City seeking funds to expand local welding training

The city is applying for a community development block grant that will help in part to expand a workforce training program that teaches adults basic welding skills.

Action was taken to apply for the grant at the regular Vermillion City Council meeting Monday night.

The grant was brought to the attention of the city by the South Eastern Council of Governments (SECOG).

"What the governor is trying to do is get more educated workers in the state, and so this is kind of a statewide effort to get more training programs," SECOG planner Janice Gravning explained at the meeting.

The welding program itself was implemented earlier this year, with its first section concluding Feb. 28. It is a partnership between the Vermillion Area Chamber & Development Company (VCDC), the Vermillion School District and Masaba Mining, Inc.

If the grant is approved, the program will be expanded for three years of quarterly sessions.

"If it's approved, the grant will allow us to not only expand the number of students we could teach, but also upgrade the equipment so that the students are learning on equipment that's close to what the employers are using in their shops," Steve Howe, VCDC's executive director, said in an interview Tuesday with the Vermillion Plain Talk.

The grant also will help to offset the cost for the instructor, Mark Pier of the Vermillion School District.

"That way we will be able to get if offered at a lower rate for the students," Howe said. "Right now we charge them $250, and then when they get a job the VCDC reimburses that. …

"We want to be able to provide the tuition at no cost. We will continue to offer the class at a charge to make sure that people are taking it seriously, but we want to be able to reimburse them for their tuition and still pay the instructor," he said.

The grant must be applied for by the city, which will then give funds to the VCDC if they are awarded, Gravning explained.

Howe said the class is six weeks and 35 hours of actual coursework. The first round of classes had a total of 10 students – eight adults and two high-schoolers.

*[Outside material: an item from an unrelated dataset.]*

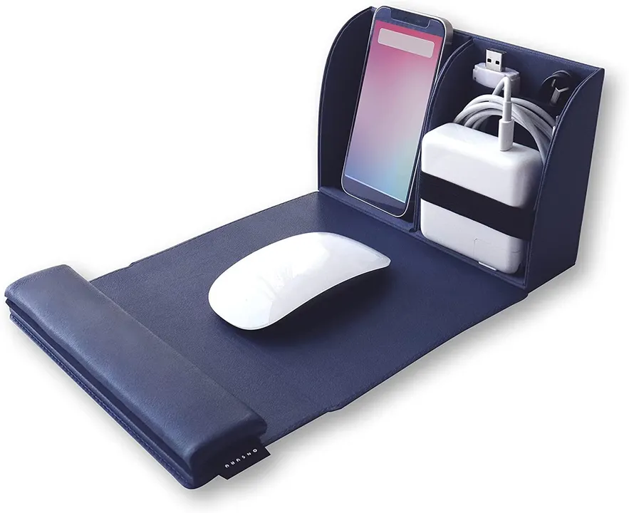 【マウスパッドと一体型でフタを開けてすぐできるワークスペース】 マウスやコードなどを収納することができるポーチです。 ポーチのフタ裏はマウスパッドとなっているので場所を選ばず作業ができ、リストレスト一体型なので快適に作業が行えます。 “リストレスト一体型のマウスパッド” ・2種類の高さが選べるリストレスト。 ・折り返せばスポンジ入り。 ・手首が疲れにくく長時間の作業も快適です。 “スマートフォンスタンド機能付き” ・収納部分がスマートフォンスタンドとして使えます。 ・PC作業中も通知や着信を見逃すことはありません。 “オーガナイザーとしても使える自立式ポーチ” ・PCツールの整理はフポーチの中に収納ができるので、デスク周りはスッキリです。

Its purpose is to provide the students with the basic skills they need "to get their foot in the door with an employer," he said.

"It's not going to provide them with any extensive certification, but it's giving them the basic skills that they need to be taken seriously be a potential employer, and hopefully give them enough of a background that the employer will invest in them to do some on-the-job training," Howe said.

When the students conclude their coursework they can then go out to potential employers, such as Masaba, and take a welding test.

"We haven't gotten the feedback on how they did with some of that employer testing, so once we get that … we'll be able to find out what the status of those students was," Howe said. "If we have to revamp the class, we will do that."

A course such as this one plays an important role in Vermillion's changing economic landscape, Howe said.

"Vermillion has not had a tradition of the skilled trades," he said. "As we are recruiting these businesses and helping the existing ones grow, we're at a disadvantage with our workforce. We just don't have the skilled trades-people necessary to meet their needs."

Howe added that it's heartening to see different groups working together to help meet those needs.

"It means that this community is taking an active role in getting the workforce that they need so they can continue to grow in Vermillion," he said. "It's a real positive when we have these different entities working together to do this."

The city should hear within 30 to 45 days of applying whether it will receive the grant, Howe said.